## Precalculus (6th Edition) Blitzer

Let us assume $L$ be the length and $W$ be the width of the television viewing area such that: \begin{align} & {{L}^{2}}+{{W}^{2}}=100\ \ \ \ \ \ \ \ \ \ \ \ \ \ \ \ \ \ \ \ \ \ \ \left( \text{I} \right) \\ & LW=48\ \ \ \ \ \ \ \ \ \ \ \ \ \ \ \ \ \ \ \ \ \ \ \ \ \left( \text{II} \right) \end{align} The substitution method is used to solve the system.

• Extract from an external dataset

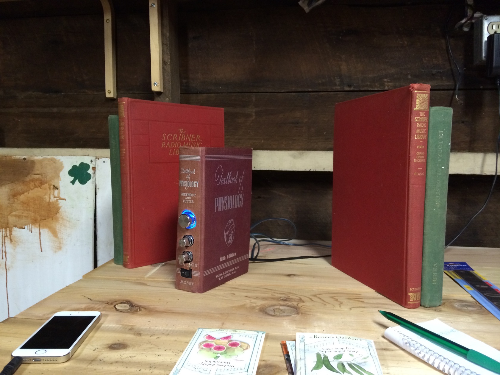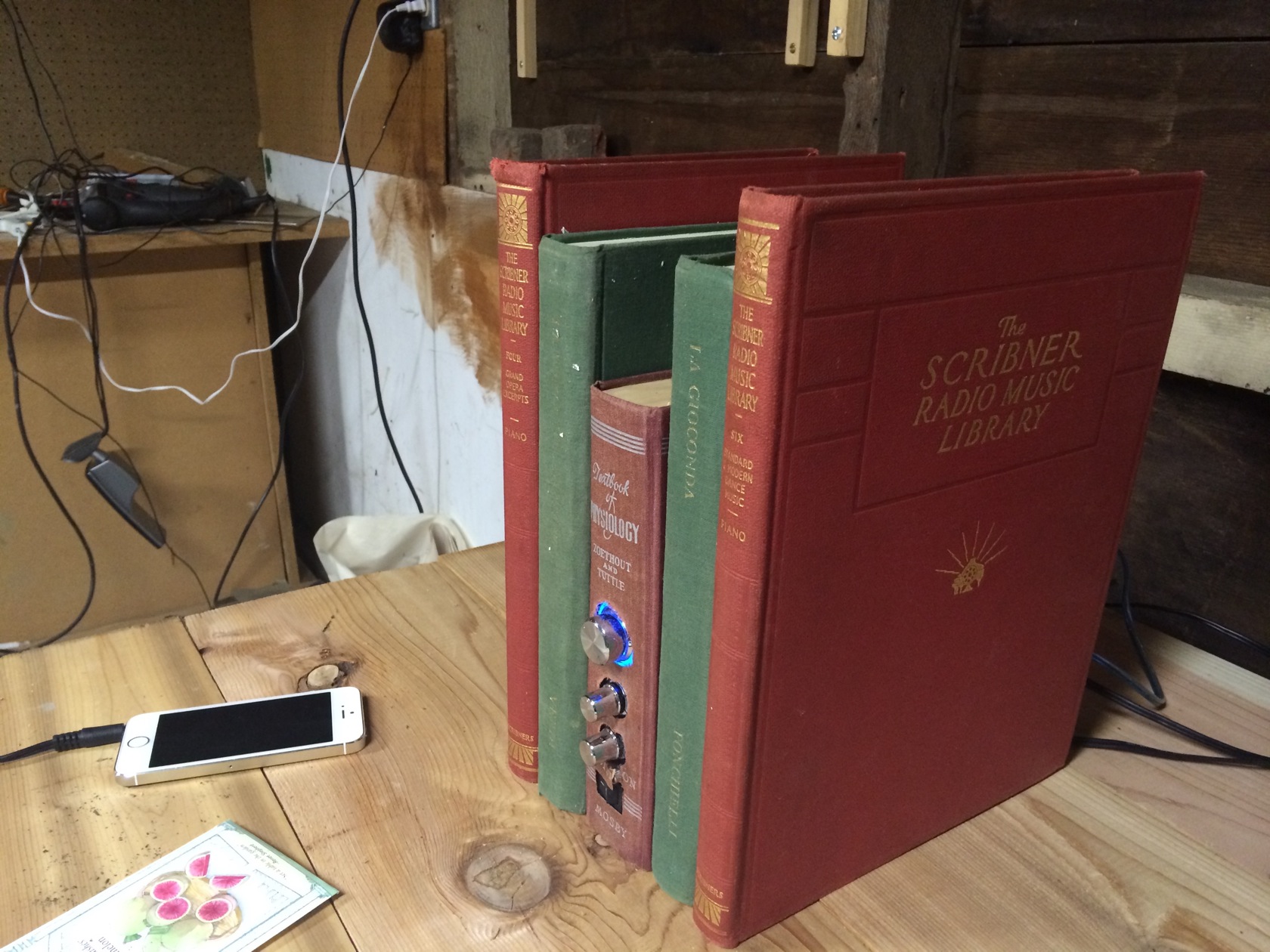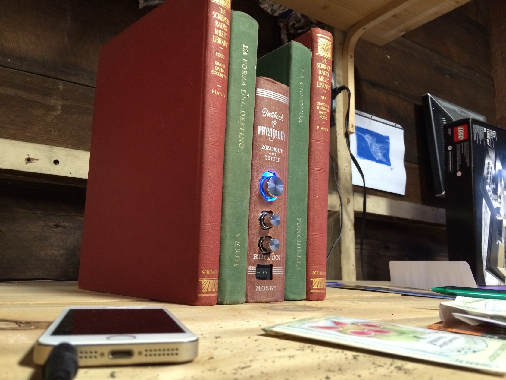 This speaker system uses the books themselves for sound creation. A typical project puts a normal speaker inside of a book, and creates air hoes for sound to transfer more efficiently. This project takes a different spin by mounting sound exciting voice coils directly the the book covers, using them to produce warm sounds.

Now, the value of $L$ from the second equation is: $L=\frac{48}{W}$ (III) Substitute the value of L in equation (I): \begin{align} & \frac{{{48}^{2}}}{{{W}^{2}}}+{{W}^{2}}=100 \\ & 2804+{{W}^{4}}=100{{W}^{2}} \\ & {{W}^{4}}-100{{W}^{2}}+2304=0 \\ & \left( {{W}^{2}}-36 \right)\left( {{W}^{2}}-64 \right)=0 \end{align} Now, ${{W}^{2}}-36=0$ Or, ${{W}^{2}}-64=0$  If ${{W}^{2}}=36$ then $W=\pm 6$ and if ${{W}^{2}}=64$ then, $W=\pm 8$. The width cannot be negative so, $W=6,\ 8$. If $W=6$ then, \begin{align} & L=\frac{48}{6} \\ & =8 \end{align} If $W=8$ Then, \begin{align} & L=\frac{48}{8} \\ & =6 \end{align} Thus, the dimensions are 8 inches by 6 inches.